At the 2001 general election, Cheo stood as a member of the SDP's team in the Hong Kah Group Representation Constituency (GRC). The PAP's team won the contest with 79.7% of the votes to the SDP team's 20.3%.

In 2006, Cheo joined the NSP. At the 2006 general election (in which the NSP's candidates stood under the banner of the Singapore Democratic Alliance), Cheo was a candidate in the Jalan Besar GRC. The PAP's team won the contest with 69.3% of the votes to 30.7%.

At the 2011 general election, Cheo led the NSP team for Marine Parade GRC. The PAP's team (which was led by Senior Minister Goh Chok Tong) defeated the NSP's team by 56.6% of the votes to 43.4%.

At the 2015 general election, NSP initially planned to field a candidate against PAP in the MacPherson SMC but decided to pull out of the contest when WP announced it had planned to contest in the constituency also. NSP later changed its mind and fielded Steve Chia in the constituency. Chia would later pull out of the contest citing internet abuse over his participation. As a result, NSP fielded Cheo for the contest. NSP's Acting Secretary-General, Hazel Poa, resigned from the party, stating that she disagreed with the decision of the party's Central Executive Committee to contest in MacPherson.

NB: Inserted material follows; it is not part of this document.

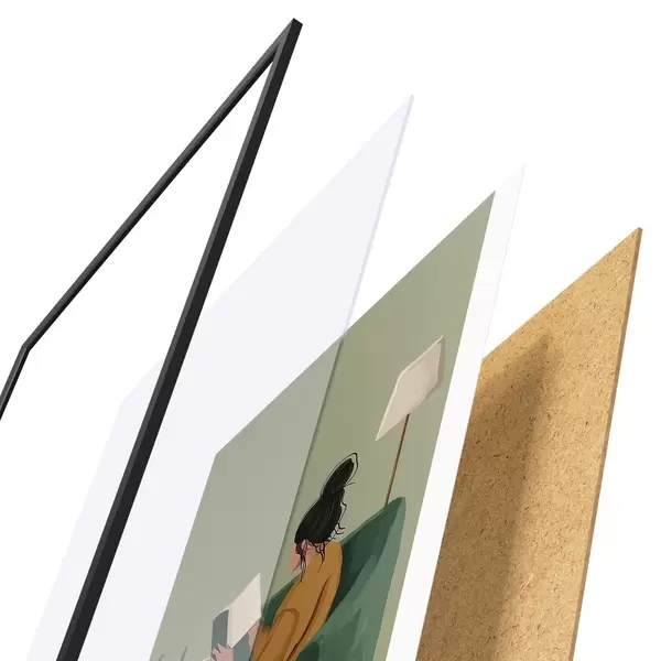Das Poster besteht aus einem Rahmen, Plexiglas, einem gedruckten Bild und einer Rückwand aus Spanplatten. Dank der Halterungen auf der Rückseite kann das Poster sofort an die Wand gehängt werden.

During the election campaign, Cheo drew considerable criticism for telling reporters that Tin Pei Ling's status as a new mother was "her weakness" and saying that she might spend more time focusing on her child than on her constituents. Cheo later claimed that this comment was meant as a joke. In the end, Cheo took just 0.8% of the votes in the constituency, compared to Chen's 33.6% and Tin's 65.6%, thus forfeiting his $14,500 election deposit.

== Personal life ==
Cheo died of oesophageal cancer on 4 June 2024, at the age of 73.